If you know someone smoking, it is purely up to them to quit.

The idea behind paying the small guy off first isn't about interest rate. But that being said, would you want to pay interest as a minimum payment? Those in deep think that's all they can do, pay the minimum.

If you have your 1K put away, then everything extra is put on the small guy while putting the minimum on the rest. Then when he gets sent, you do the same for the following...ie the Snowball effect.

Dave plays statistics. A proven method. And those not interested in jumping in fully are pretty regular. It takes a huge commitment and I understand why most fear or rather not want to commit, but man, I'm proof along with millions of others that this way of thinking, regardless of who's books or tapes you follow, flat out works.

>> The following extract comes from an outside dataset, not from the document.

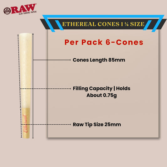 Raw Ethereal Cone | 1 ¼ Size Pre-Rolled Cones | Pack of 6

I do this, not just for myself, but for my family. I know you can't take it with you, but I enjoy life due to no debt...A LOT and have things I never could do before and furthermore, at least I know my kids and my kid's kids will be extremely taken care of.

this is not a paid advertisement....:rotfl:


----------



## Twitch-Twitch-Boom (Jun 24, 2011)

I understand paying off the smallest balance first is meant to be a behavioral tactic. I'm just saying that everyone does not fit in the category, and I'd be willing to bet more people are mentally strong enough to rather save money on interest than "feel good" because they paid off the smallest balance. Especially once they have made their mind up to eliminate the debt.

I think the biggest behavioral change is using the cash technique in the envelope to shell out for your monthly budget. When it's gone, it's gone.

At the end of the day, what matters most is people getting rid of the bad debt. (credit cards) I just disagree with the way of doing it.

Why give false hopes of the 12% return in the market and 8% withdrawal rate? Setting up for major, major, failure imo.

Whatever works for each person. I'm just saying be open minded and Dave Ramsey's way it not necessarily the _only_ way or right way.


----------



## mrau (Mar 17, 2010)

WGA1 said:


> Well when you go to buy a house it sure is going to come in handy. Utility companies have also needed it from me before. Its not for everyone and I understand that but some people also aspire to invest outside of the normal IRA and 401k. I know none of this fits the Ramsey model and it can be risky but some people invest in other investments such as real estate where loans are needed. A person may own a business and need a quick infusion of cash from a bank in order fill an order. Dunno, and I know none of that is what Ramsey would do but it does work for some so for them a good FICO score can only be helpful.


Now the mortgage issue can be overcome. You would have to jump through a few more hoops though. As far as the utility company example, that's another one of those questions I still have about the zero FICO thing. One thing is for certain. The Fair Issac, or whatever FICO stands for has really wedged theirselves into our lives. Somehow they've made being in debt a positive and they've convinced insurers, utility companies, etc to buy into that.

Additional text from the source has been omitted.